Para aqueles que pretendam tomar conhecimento do respectivo texto na íntegra, certamente mais alentado e aperfeiçoado posteriormente, indicamos os sites www.cognitiojuris.com e www.oab.org.br - Revista Eletrônica de Atualidades Jurídicas" n. 13 - CFOAB - Conselho Federal da Ordem dos Advogados do Brasil (vide resumo abaixo)3.

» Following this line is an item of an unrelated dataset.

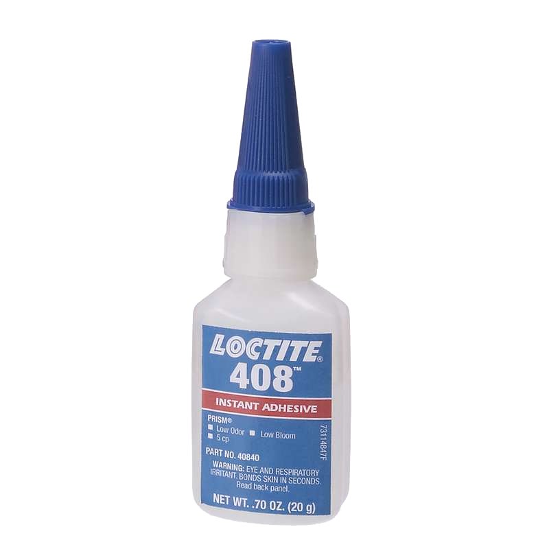 The Loctite 408 is a transparent, colorless, low odor, low bloom, alkoxy ethyl-based instant adhesive (cyanoacrylate) which cures very quickly when confined between two close-fitting surfaces. It is suitable for plastics and polyolefins in combination with Primer Loctite SF 770 or Loctite SF 7239 and ideal for metal, rubber, and is well suited for porous and/or acidic surfaces.

Nossa contrariedade a qualquer alteração no CDC pode ser assim sumariada:

a) o Código de Defesa do Consumidor, embora concebido há mais de vinte anos, continua tão atual quanto àquela época;

b) cuida-se, com efeito, de uma lei de cunho principiológico4, de caráter multi e interdisciplinar, o que ica claro pelo enunciado de seu art. 7º, caput5, na medida em que se relaciona com todos os ramos do direito, e, ao mesmo tempo, contempla em seu bojo institutos que caberiam, como de resto couberam, em outros diplomas legais como, por exemplo, a responsabilidade civil objetiva, hoje constante, também, do Código Civil, no parágrafo único do art. 927, o princípio de boa-fé objetiva, bem como a interpretação mais favorável a um dos contratantes nos contratos de adesão (arts. 113, 421 e 422 do Código Civil, e.g.); isto sem se falar de legislações relativas à qualidade, metrologia e normalização de produtos e serviços, concorrência, propriedade industrial, atividades bancárias, securitárias, serviços públicos essenciais prestados por empresas permissionárias ou concessionárias, educação e previdência privadas etc.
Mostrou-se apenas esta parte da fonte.